── DATA SECTION ──

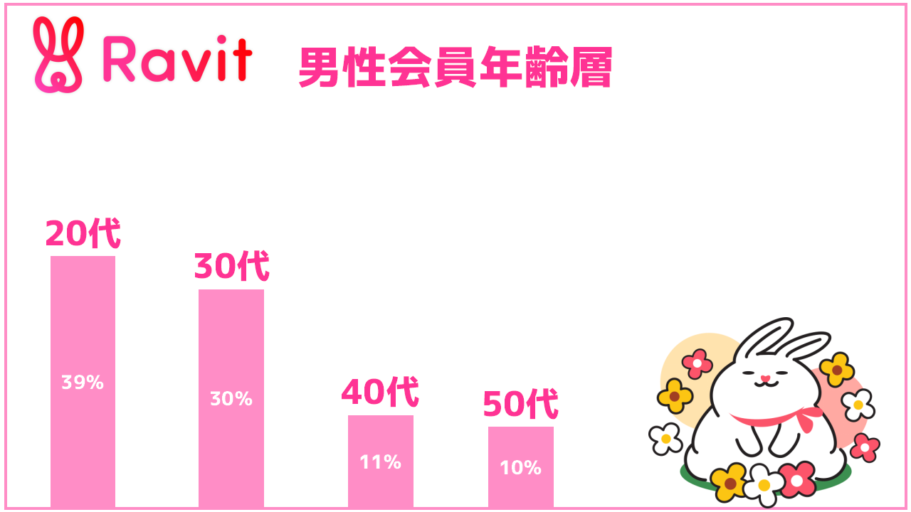 男性会員で最も多かったのは20代でしたが、30代以降も多くいますし、どの年齢層を狙うにしてもRavit(ラビット)を利用する価値は十分にありますよ◎
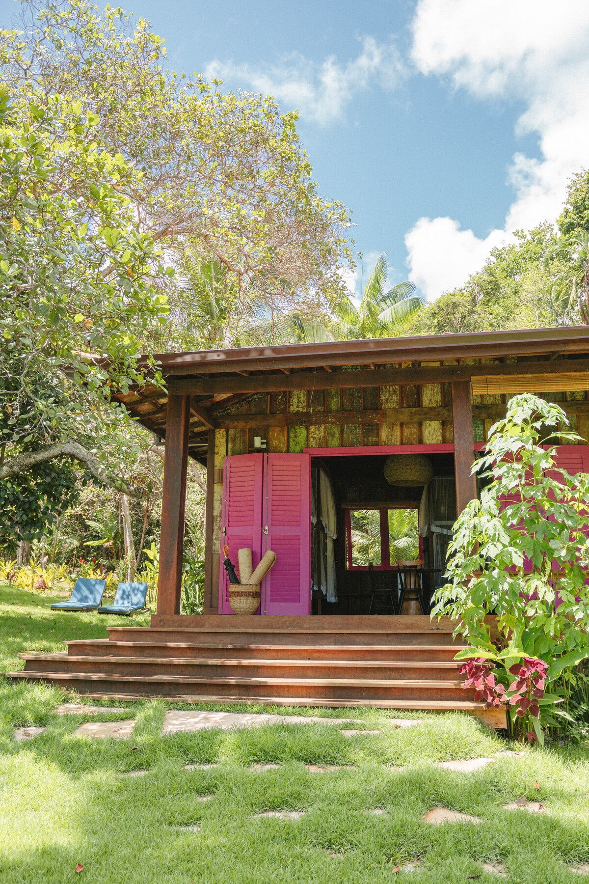Charming and cozy suite bungalow in Serra Grande with breakfast included. In addition to the bungalow, we offer an outdoor collective kitchen, which is close to the lodging, so you can make your lunch or dinner. Sítio Labareda is immersed in nature, 7 km from wonderful beaches and 5 km from the village where there are restaurants, markets and pharmacies. 1 hour from Ilhéus Airport and 30 minutes from Itacaré. A reserved and very special place.
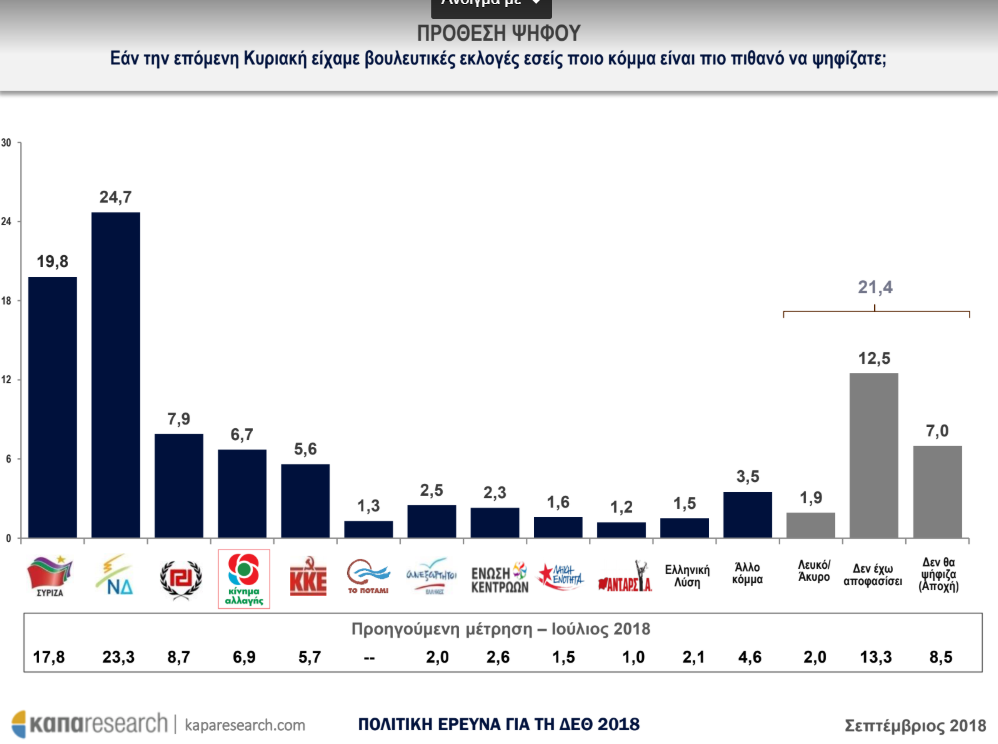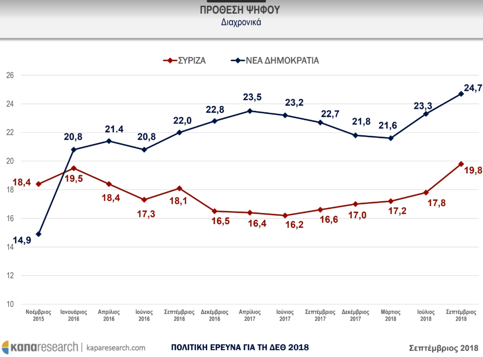 Σύμφωνα με δημοσκόπηση της Κάπα Research η ΝΔ συγκεντρώνει ποσοστό 24,7% ενώ ο ΣΥΡΙΖΑ βρίσκεται στο 19,8%. Τρίτο κόμμα αναδεικνύεται η Χρυσή Αυγή με 7,9% και ακολουθούν Κίνημα Αλλαγής (6,7%) και ΚΚΕ (5,6%).

───

• _TASK PROMPT_:
Only the pictures may be dropped when you copy the data above; everything else stays exact.

• _REPLY TO THE EXERCISE_:
 男性会員で最も多かったのは20代でしたが、30代以降も多くいますし、どの年齢層を狙うにしてもRavit(ラビット)を利用する価値は十分にありますよ◎
Charming and cozy suite bungalow in Serra Grande with breakfast included. In addition to the bungalow, we offer an outdoor collective kitchen, which is close to the lodging, so you can make your lunch or dinner. Sítio Labareda is immersed in nature, 7 km from wonderful beaches and 5 km from the village where there are restaurants, markets and pharmacies. 1 hour from Ilhéus Airport and 30 minutes from Itacaré. A reserved and very special place.
 Σύμφωνα με δημοσκόπηση της Κάπα Research η ΝΔ συγκεντρώνει ποσοστό 24,7% ενώ ο ΣΥΡΙΖΑ βρίσκεται στο 19,8%. Τρίτο κόμμα αναδεικνύεται η Χρυσή Αυγή με 7,9% και ακολουθούν Κίνημα Αλλαγής (6,7%) και ΚΚΕ (5,6%).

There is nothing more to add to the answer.